The Wellcome Foundation’s Public Engagement Fund is open to commercial and not-for-profit organisations and individuals working in the arts, culture, entertainment media, heritage, leisure, education, research, informal learning or other fields for projects that focus on health (even where this is not the main focus or core activity of the applicant). The Foundation seeks creative ideas about how to engage the public in health research that focus on people, helping everyone play their own role in improving health. Work which promotes diversity and inclusion and engages people and communities who are affected by social and economic disadvantage is particularly welcomed.
Funded projects will offer creative approaches to engage the public by:
- Empowering people
- Improving health research
- Helping people to value and think critically about science, health research, innovation and the role these play in society
Projects funded will be innovative or a new way of working; a development of an already successful activity that can be scaled up, made sustainable and cost-effective; or an existing activity that can be replicated with a new audience, e.g. a different demographic or location.

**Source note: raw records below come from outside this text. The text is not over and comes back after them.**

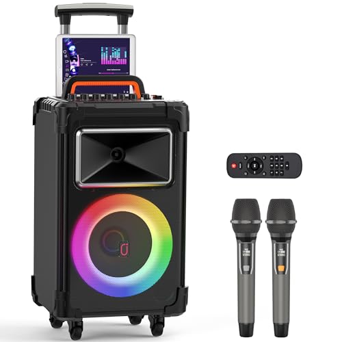 Karaoke Machine LSMOEO Karaoke maskin för vuxna och barn med 2 trådlösa UHF-mikrofoner, bärbar Bluetooth-högtalare, PA-högtalarsystem med LED-festljus för hemmafest
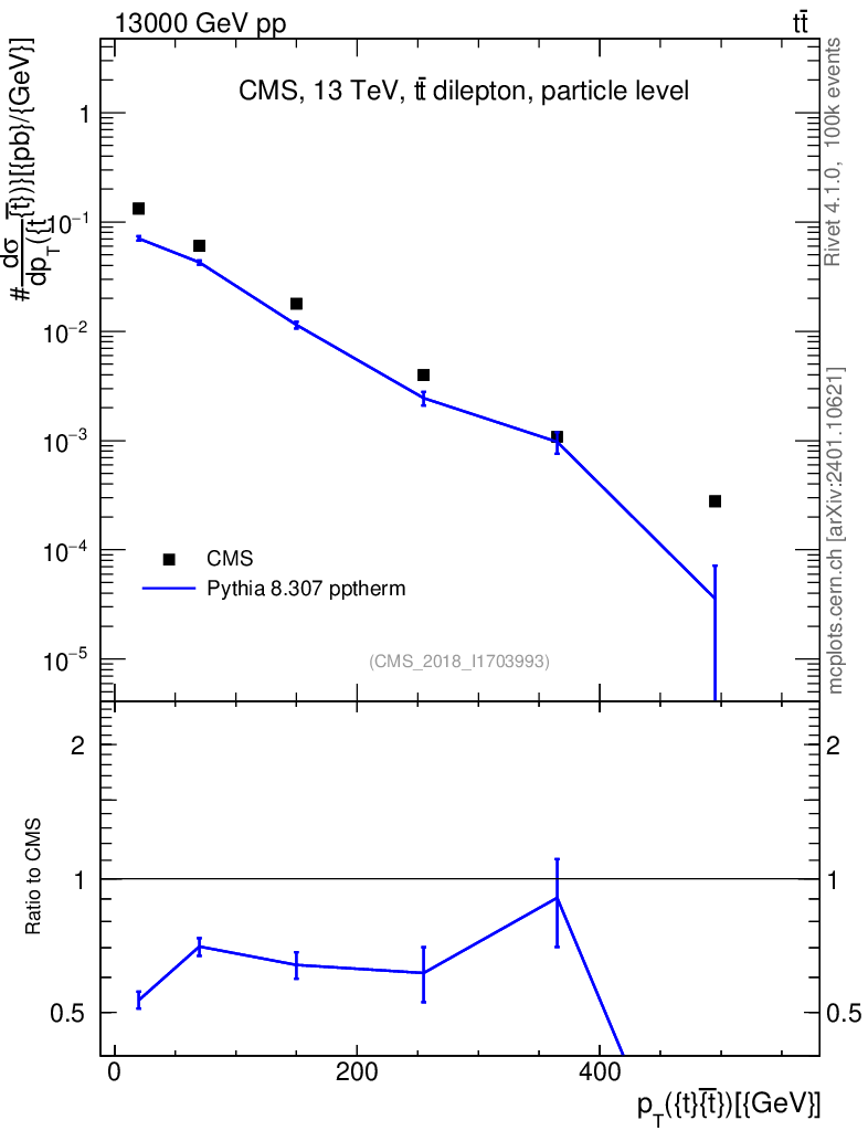 Lines: data, pythia8 8.307 pptherm |
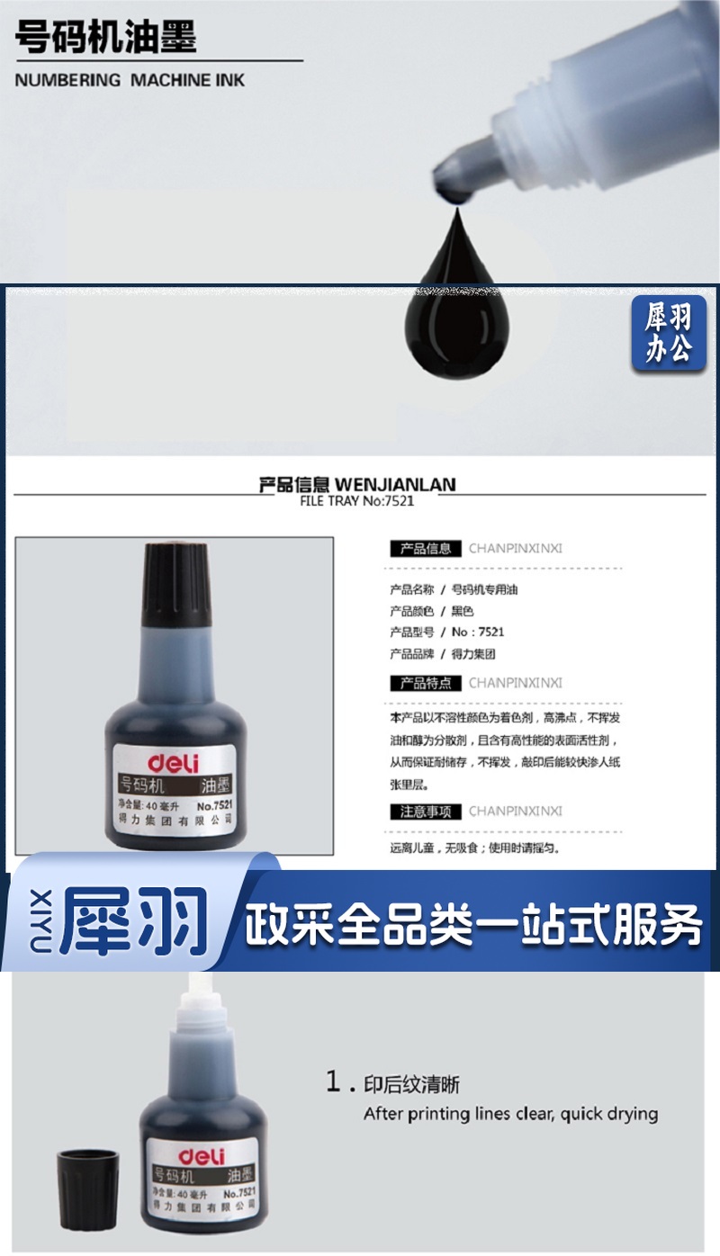 得力(deli) 7521 打码机油墨 黑色新老包装随机发
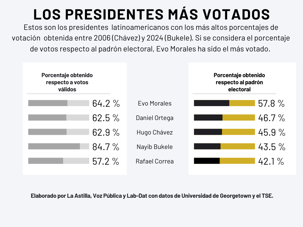 Los datos revelan que aunque Bukele ha obtenido el mayor porcentaje de votos válidos en una elección presidencial, cuando se comparan los porcentajes de votos obtenidos por estos presidente reelectos respecto al padrón electoral, es decir, respecto a las personas que podrían haber votado en un evento electoral, Bukele es superado por Chávez, Morales y Ortega.
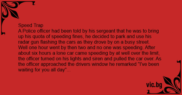 Well one hour went by then two and no one was speeding. After about six hours a lone car came speeding by at well over the limit, the officer turned on his lights and siren and pulled the car over. As the officer approached the drivers window he remarked "I've been waiting for you all day" and the driver replied, "Well I got here as fast as I could"
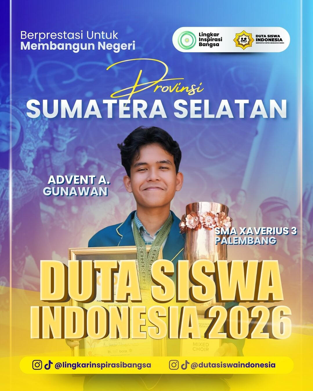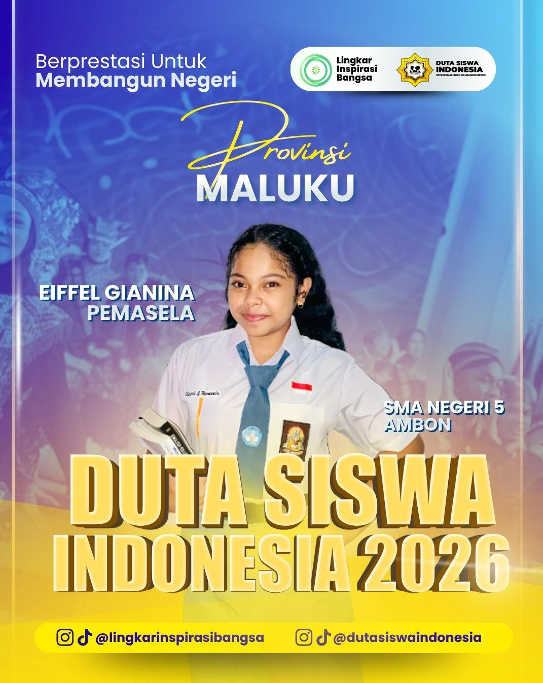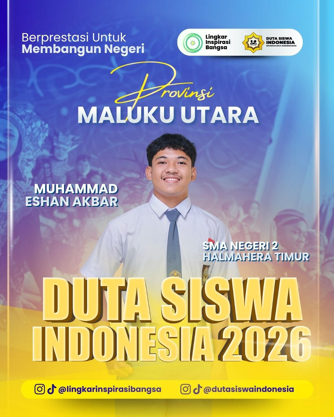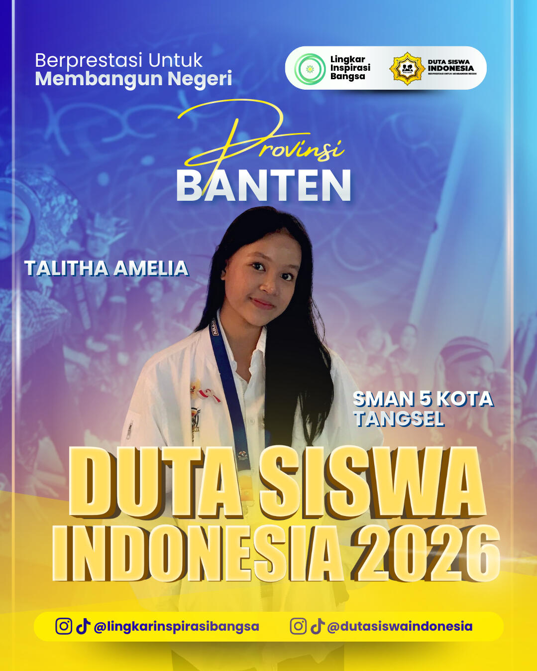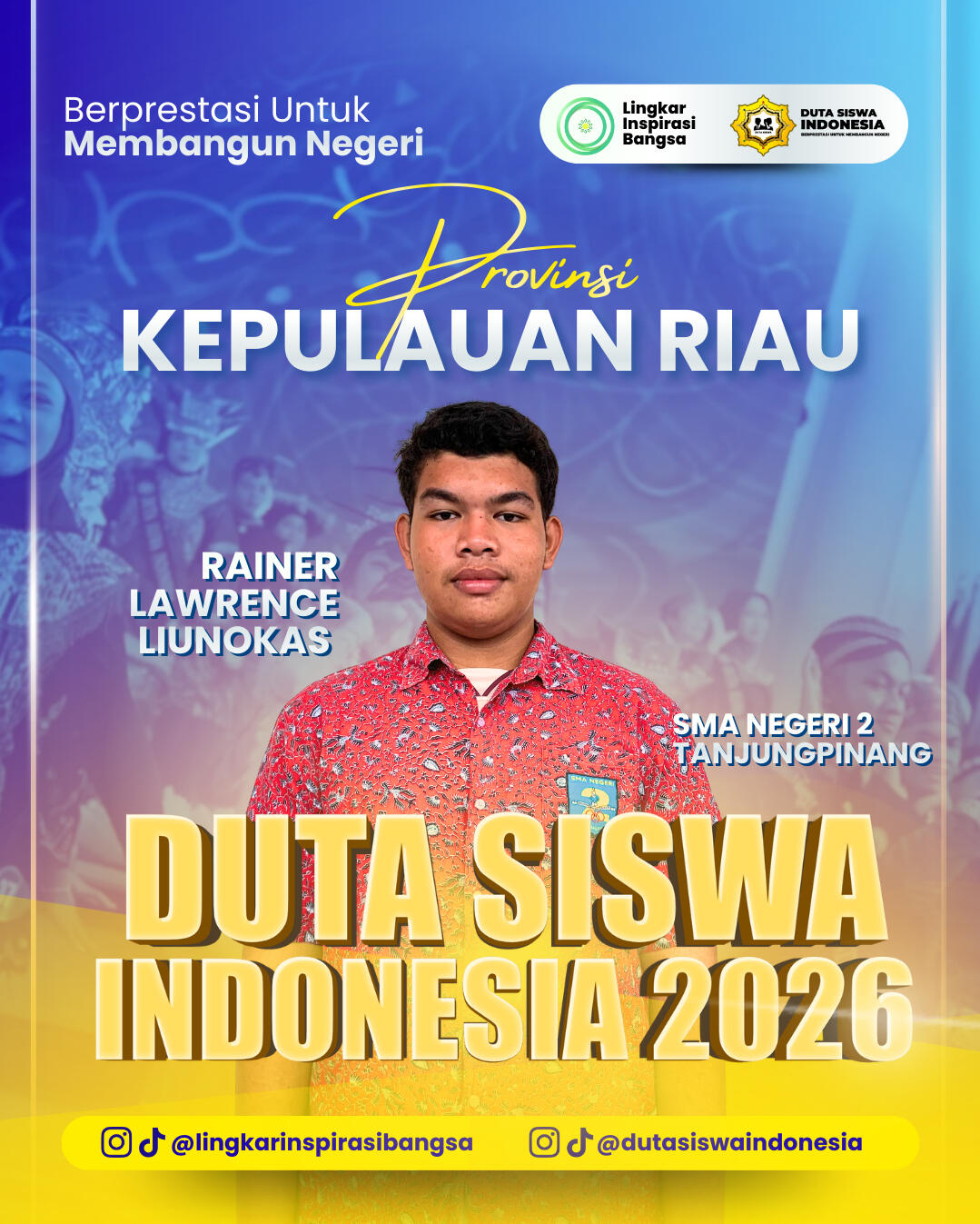 Selamat dan apresiasi setinggi-tingginya kepada para Grand Finalis Duta Siswa Indonesia 2026! Perjuangan kalian hingga tahap ini adalah bukti nyata dari ketekunan, keberanian, dan semangat untuk berkontribusi melalui inovasi digital. Terima kasih telah menjadi bagian dari perjalanan inspiratif ini. Mari rayakan pencapaian luar biasa ini dan bersiaplah menorehkan prestasi lebih tinggi di babak grand final!

Grants of £25,000 to £3 million are awarded to projects taking place in the UK, Republic of Ireland or low and middle-income countries in Sub-Saharan Africa, South Asia, East Asia and the Pacific region for work lasting up to 3 years.
Applications for grants under £250,000 are considered through a single stage application process four times a year – the next deadline is 5pm on the 9th July 2019.

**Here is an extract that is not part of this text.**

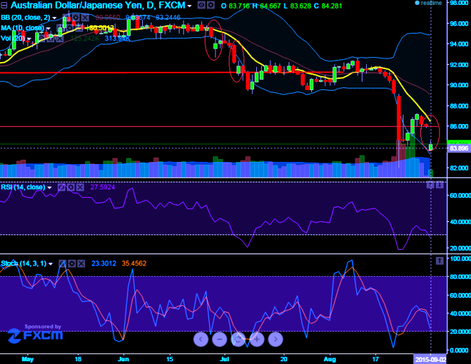 On AUDJPY daily chart, a gap down opening is occurred at 83.716 and leading RSI oscillator is stepping down below 30 levels, while %D crossover around 40 levels bolstering selling pressures. But this gap down should be confirmed with volumes as well. In order to analyze the downtrend, there were few other gaps occurred earlier as well at 93.565 and 91.177 levels. So it is quite difficult to assess whether the current gap is breakaway or run away gap as there is no proper volume confirmation.
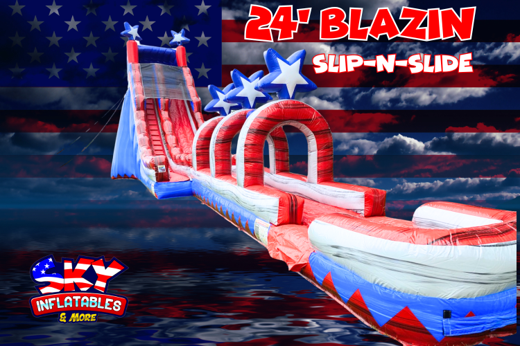 Get ready for a splash of excitement with the 24' Blazin Water Slide! This towering inflatable is perfect for summer parties, offering a thrilling ride from top to bottom. With its Patriotic colors and impressive height, it's sure to turn any event into a fun-filled adventure. Dive in, cool off, and let the good times roll!

Grants over £250,000 are considered throughout the year following the submission of an expression of interest – apply at any time.
Previous projects supported include:
- Camden People’s Theatre which received a grant of £20,000 for its production “Fog Everywhere”. This is a collaboration between Camden People’s Theatre (CPT), King’s College London’s Lung Biology Group and a group of young people based in Camden looking at the impact of air pollution in the capital, explored through a playful folk history of the London fog.
- The Infers Group received a grant of £100,000 for its Arting health for impact project which explores the potential of using street art and collaborative design to engage the public on science and health in Botswana, India and South Africa. The project plans to forge collaborations between biomedical researchers, street artists and community members so they can interact with each other and create culturally-relevant and sensitive art installations in each of these countries.